### The records
-------------------------
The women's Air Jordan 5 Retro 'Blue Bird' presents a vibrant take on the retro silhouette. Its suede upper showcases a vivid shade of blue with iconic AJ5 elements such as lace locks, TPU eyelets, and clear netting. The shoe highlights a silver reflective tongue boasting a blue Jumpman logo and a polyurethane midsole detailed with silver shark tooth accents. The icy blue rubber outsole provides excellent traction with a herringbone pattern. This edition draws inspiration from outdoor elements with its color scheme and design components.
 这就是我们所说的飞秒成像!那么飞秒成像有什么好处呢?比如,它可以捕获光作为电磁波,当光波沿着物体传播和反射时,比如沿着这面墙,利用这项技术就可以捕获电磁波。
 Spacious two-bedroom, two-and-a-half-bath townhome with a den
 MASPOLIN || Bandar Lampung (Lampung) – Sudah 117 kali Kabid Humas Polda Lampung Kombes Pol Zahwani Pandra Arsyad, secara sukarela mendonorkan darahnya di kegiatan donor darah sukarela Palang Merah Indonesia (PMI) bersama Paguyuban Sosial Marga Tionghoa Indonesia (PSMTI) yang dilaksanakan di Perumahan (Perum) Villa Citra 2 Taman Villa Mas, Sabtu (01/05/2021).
-------------------------
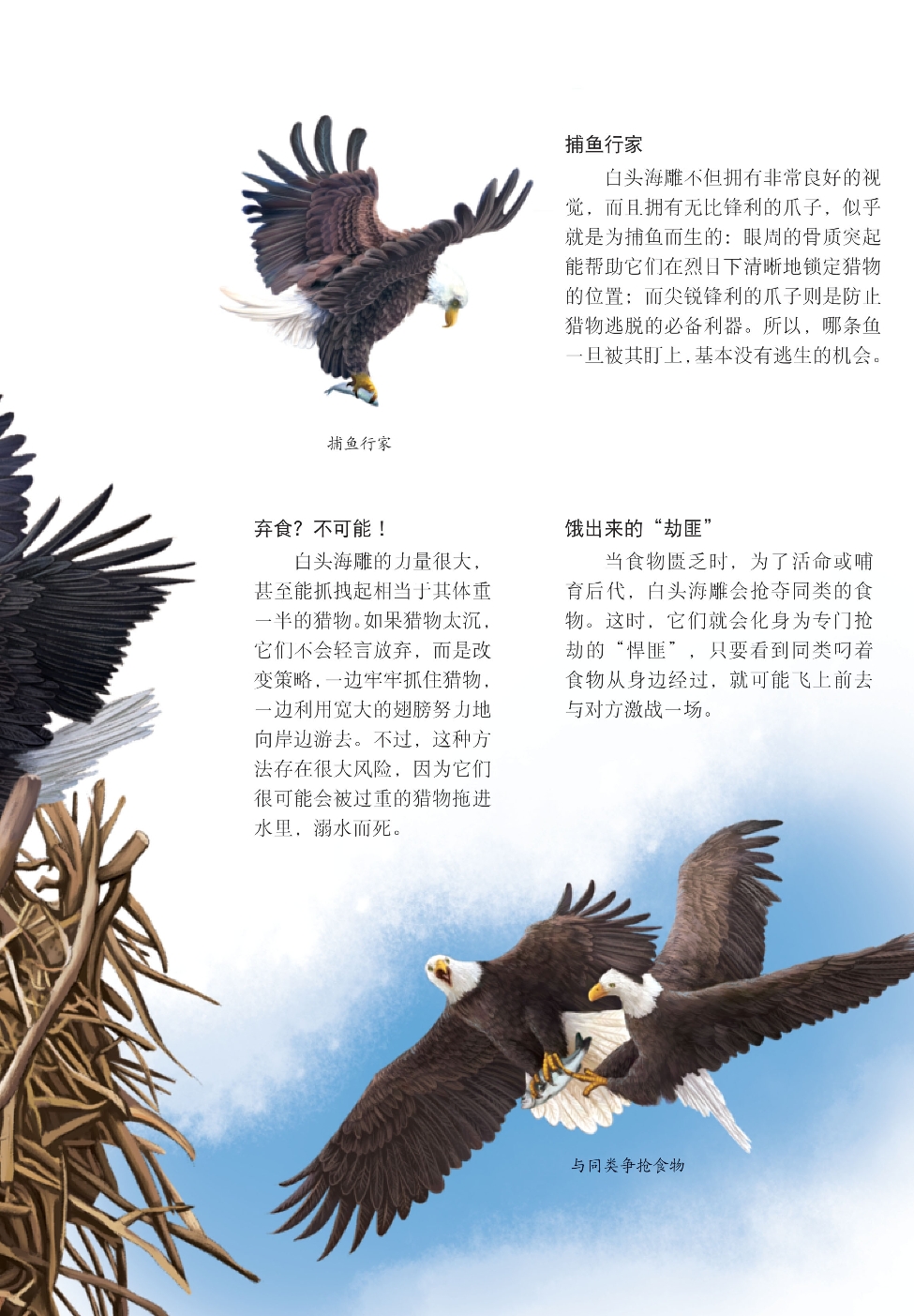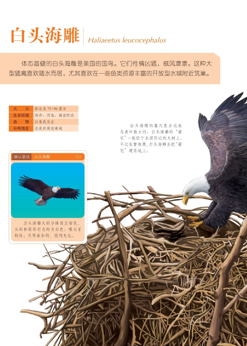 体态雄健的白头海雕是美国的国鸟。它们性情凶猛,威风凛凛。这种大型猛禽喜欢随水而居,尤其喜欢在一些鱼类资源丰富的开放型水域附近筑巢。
-------------------------
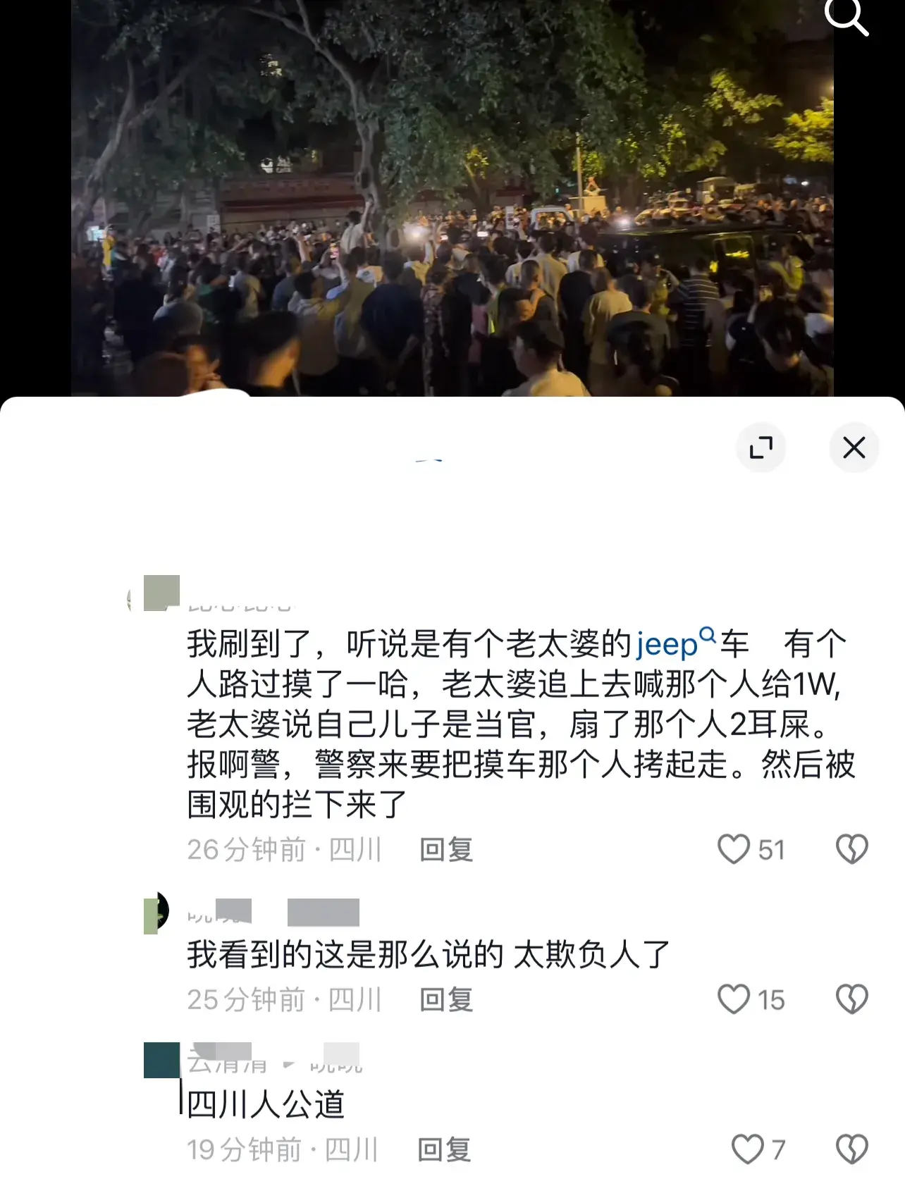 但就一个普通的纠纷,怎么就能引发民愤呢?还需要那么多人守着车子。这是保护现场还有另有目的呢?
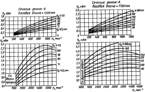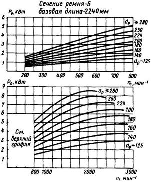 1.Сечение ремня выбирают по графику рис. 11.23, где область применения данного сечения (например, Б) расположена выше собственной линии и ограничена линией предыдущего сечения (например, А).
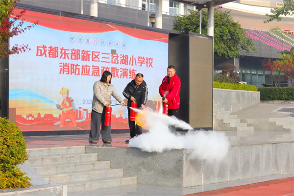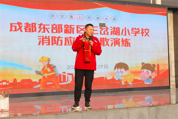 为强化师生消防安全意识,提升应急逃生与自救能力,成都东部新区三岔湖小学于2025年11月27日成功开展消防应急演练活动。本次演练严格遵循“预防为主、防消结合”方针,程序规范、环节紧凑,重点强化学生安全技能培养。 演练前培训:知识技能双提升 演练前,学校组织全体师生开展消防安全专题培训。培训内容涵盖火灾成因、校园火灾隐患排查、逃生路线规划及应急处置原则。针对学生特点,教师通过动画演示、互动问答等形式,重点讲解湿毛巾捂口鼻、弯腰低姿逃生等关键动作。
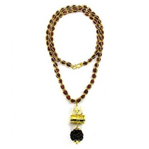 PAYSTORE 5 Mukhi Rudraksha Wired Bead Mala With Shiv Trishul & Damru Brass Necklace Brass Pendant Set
-------------------------
Print exactly the lines of the listing above starting at the line containing "The women's Air" and ending at the line containing "MASPOLIN || Bandar", both included.

### Finished task
The women's Air Jordan 5 Retro 'Blue Bird' presents a vibrant take on the retro silhouette. Its suede upper showcases a vivid shade of blue with iconic AJ5 elements such as lace locks, TPU eyelets, and clear netting. The shoe highlights a silver reflective tongue boasting a blue Jumpman logo and a polyurethane midsole detailed with silver shark tooth accents. The icy blue rubber outsole provides excellent traction with a herringbone pattern. This edition draws inspiration from outdoor elements with its color scheme and design components.
 这就是我们所说的飞秒成像!那么飞秒成像有什么好处呢?比如,它可以捕获光作为电磁波,当光波沿着物体传播和反射时,比如沿着这面墙,利用这项技术就可以捕获电磁波。
 Spacious two-bedroom, two-and-a-half-bath townhome with a den
 MASPOLIN || Bandar Lampung (Lampung) – Sudah 117 kali Kabid Humas Polda Lampung Kombes Pol Zahwani Pandra Arsyad, secara sukarela mendonorkan darahnya di kegiatan donor darah sukarela Palang Merah Indonesia (PMI) bersama Paguyuban Sosial Marga Tionghoa Indonesia (PSMTI) yang dilaksanakan di Perumahan (Perum) Villa Citra 2 Taman Villa Mas, Sabtu (01/05/2021).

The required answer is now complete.